Sobre saqueos al arte ecuatoriano. 1950

Columnistas, Opinión

“A decir verdad, dice el Dr. Navarro, en su libro “Escultura en el Ecuador – 1929 – las obras de arte quiteño de la época colonial no se hallan esparcidas solamente en América, pues a Europa emigraron en todo tiempo, muy especialmente en el siglo XIX, en cantidades enormes. Diga Alcides D´ Orbigny, el conocido viajero francés, que después de los saqueos artísticos que realizó a mediados de este siglo (XX) en Quito, confesó que ya nada importante había dejado allí para nuevos curiosos y coleccionistas de arte americano que le sucediesen, y, sin embargo, las depredaciones escandalosas de estos últimos años en esa materia, que procuraban colecciones importantes de objetos de arte quiteño, obligaron al Gobierno del Ecuador, a dar la severa ley que hoy defiende la integridad de su tesoro artístico.”
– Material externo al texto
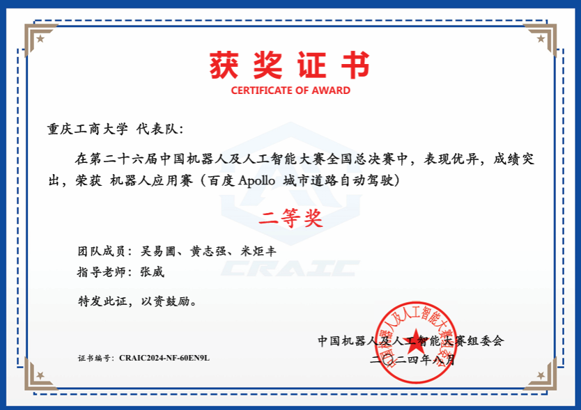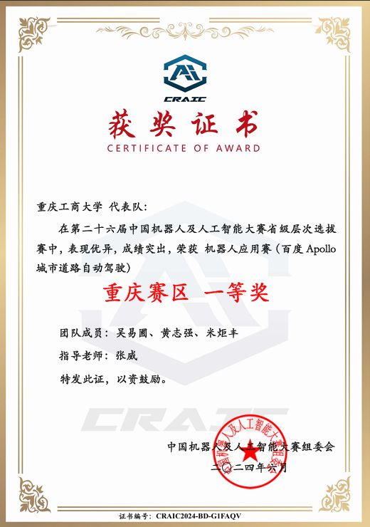 我校yl23455永利集团的参赛团队“9961永不妥协”(成员:吴易圃、黄志强、米炬丰,指导老师:张威)在“百度Apollo城市道路自动驾驶”赛项中,继重庆赛区荣获一等奖后,成功晋级全国总决赛,经过一番激烈角逐喜获二等奖。这已是我院连续第三年参与该赛项,且成绩逐年显著提升,体现了我院智能车辆工程专业人才培养模式改革初见成效。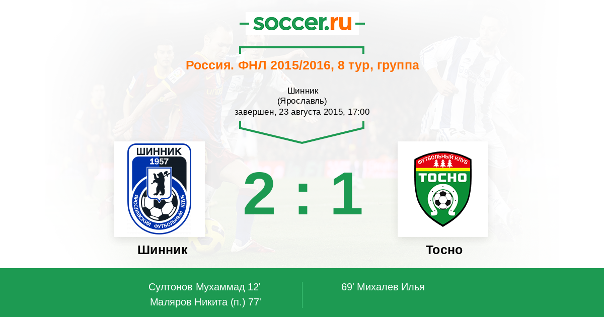 Протокол матча Шинник против Тосно
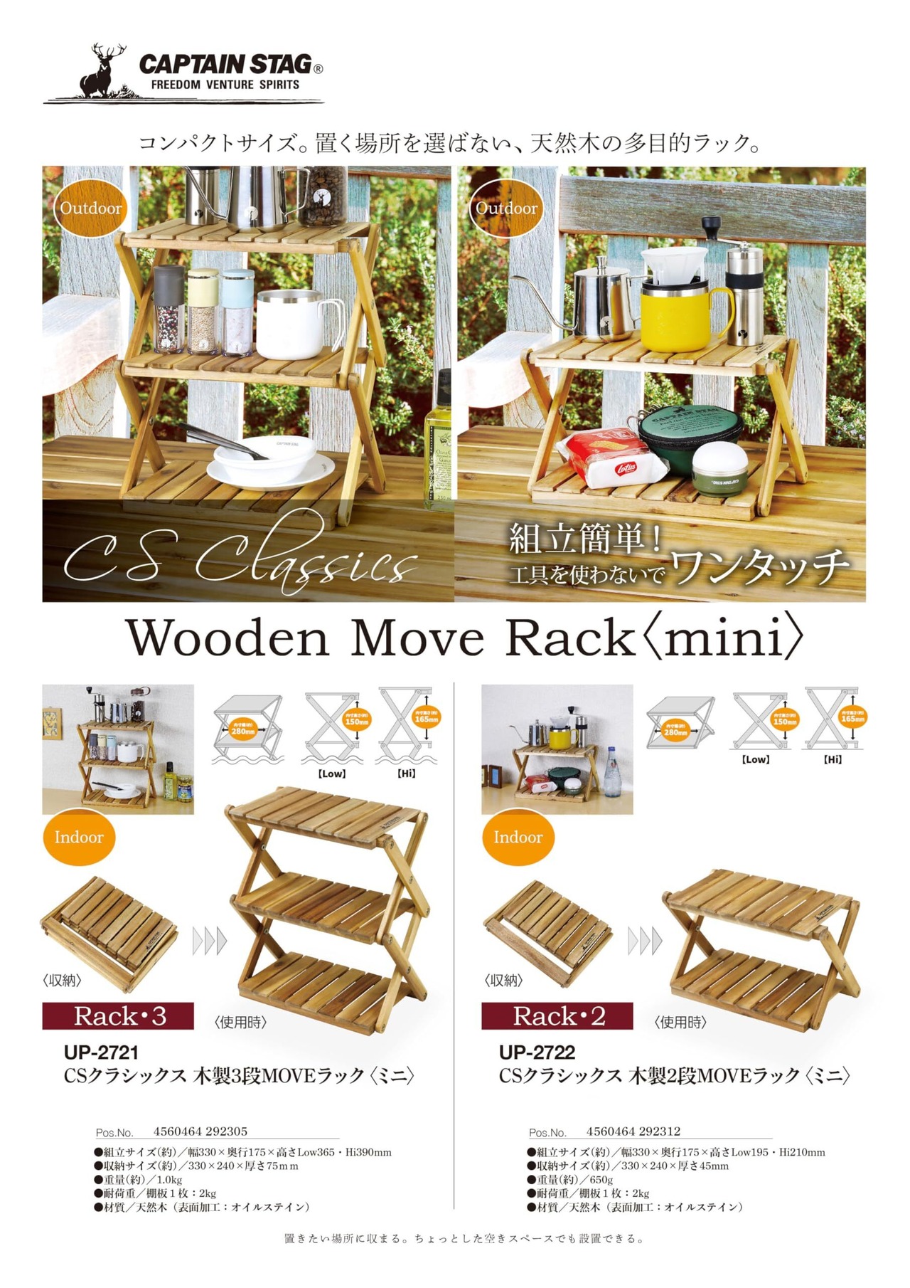 キャプテンスタッグ(CAPTAIN STAG) 木製ラック 収納棚 2段/3段 MOVEラック ミニ 幅330mm 高さ2階調節可能 CSクラシックス UP-2721/UP-2722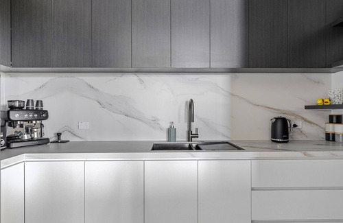 Upstairs, a generous open-plan living area awaits, complete with a kitchen, dining, and sitting area that flows out to a balcony. From here, you can sit back and enjoy the soothing sounds of the surf beach just beyond the coastal reserve. The entertainer’s kitchen is a chef’s delight, featuring a large stone island bench, an induction cooktop, and a butler's pantry equipped with a wine fridge, perfect for preparing meals or hosting guests.

La cita la he tomado de Pío Jaramillo Alvarado, en su libro Los Profetas de Goríbar, CCE, Quito, 1950, p. 22. Se nota que el alma artística de nuestro pueblo ha sido inconmensurable. Nos queda apenas un pálido recuerdo y testimonio en las iglesias quiteñas y de pocas localidades, tanto en pintura como en escultura. Ni se diga en el arte de la orfebrería. Jorge Juan y Antonio de Ulloa, esos académicos que escribieron notas curiosamente profundas de nuestra realidad, hablan de que las obras del arte quiteño fueron vistas por el mundo con admiración.

Nota importante es saber que cuando ocurrió la expulsión de los jesuitas (1767) “Fueron saqueados los Conventos de Quito, de cuantas obras de arte se hallaban a mano, y los enviados de Carlos III, se contentaron con solo dejar en la sacristía de la iglesia de la Compañía en Quito, un dibujo de la rica custodia de oro y esmeraldas, que la enviaron a la Capilla Real del Escorial, y en la Biblioteca del Convento, una lista de cuadros y otras obras que se llevaron”.

Jaramillo dice que hasta el dibujo de la custodia y la lista de los cuadros está perdida. Sin embargo, cuántas cosas puedo argumentar sobre mi experiencia cono Director del Inventario de Patrimonio cultural del Centro del País en 2009, después del doloroso robo de la Custodia de Riobamba. Recorrí con mis colaboradores los rincones más inesperados,  para constatar lo que estaba oculto, lo que estaba abandonado, lo que estaba en peligro, lo que se había saqueado, lo que estaba abandonado o se había huaqueado en arqueología, en bienes arquitectónicos, en bienes museables, en documentos  y hasta en los llamados bienes inmateriales o intangibles. Recorrimos las provincias de Bolívar, Chimborazo, Tungurahua y Pastaza en medio de un huracán de contradicciones con los directivos nacionales de Patrimonio y el rector de la UTA Luis Amoroso que tenía llaves para las travas de cara a unos 200 investigadores nacionales y hasta extranjeros impagos. Pero esta es otra historia.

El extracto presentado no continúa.